_Exercise brief_
Skip all pictures. Set down only the lines starting at the line containing "Specialized projectile weapons" and running to the end of the listing.

_Data shown_
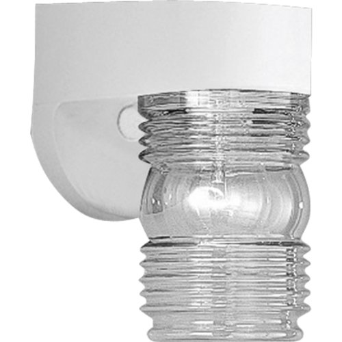 Progress Lighting P5612-30 Polycarbonate. Clear lexan diffuser. White Polycarbonate Collection White 1-light Wall Lantern Features clear, marine-style polycarbonate diffuser on a weather-proof housing. White finish Clear lexan 4-3/4 In. Width x 7-1/4 In. Height Uses (1) 60-watt medium base bulb
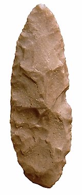 Specialized projectile weapons as well have been found at various sites in Middle Stone Age Africa, including bone and stone arrowheads at South African sites such as Sibudu Cave (along with an early bone needle also found at Sibudu) dating approximately 60,000-70,000 years ago,[19][20][21][22][23] and bone harpoons at the Central African site of Katanda dating to about 90,000 years ago.[24] Evidence also exists for the systematic heat treating of silcrete stone to increase its flake-ability for the purpose of toolmaking, beginning approximately 164,000 years ago at the South African site of Pinnacle Point and becoming common there for the creation of microlithic tools at about 72,000 years ago.[25][26] Early stone-tipped projectile weapons (a characteristic tool of Homo sapiens), the stone tips of javelins or throwing spears, were discovered in 2013 at the Ethiopian site of Gademotta, and date to around 279,000 years ago.[27]
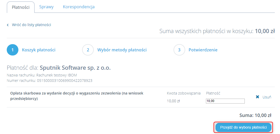 Zostajemy przeniesieni do menu „Płatności” gdzie klikamy przycisk „Przejdź do wyboru płatności:

_Solution to this problem_
 Specialized projectile weapons as well have been found at various sites in Middle Stone Age Africa, including bone and stone arrowheads at South African sites such as Sibudu Cave (along with an early bone needle also found at Sibudu) dating approximately 60,000-70,000 years ago,[19][20][21][22][23] and bone harpoons at the Central African site of Katanda dating to about 90,000 years ago.[24] Evidence also exists for the systematic heat treating of silcrete stone to increase its flake-ability for the purpose of toolmaking, beginning approximately 164,000 years ago at the South African site of Pinnacle Point and becoming common there for the creation of microlithic tools at about 72,000 years ago.[25][26] Early stone-tipped projectile weapons (a characteristic tool of Homo sapiens), the stone tips of javelins or throwing spears, were discovered in 2013 at the Ethiopian site of Gademotta, and date to around 279,000 years ago.[27]
 Zostajemy przeniesieni do menu „Płatności” gdzie klikamy przycisk „Przejdź do wyboru płatności:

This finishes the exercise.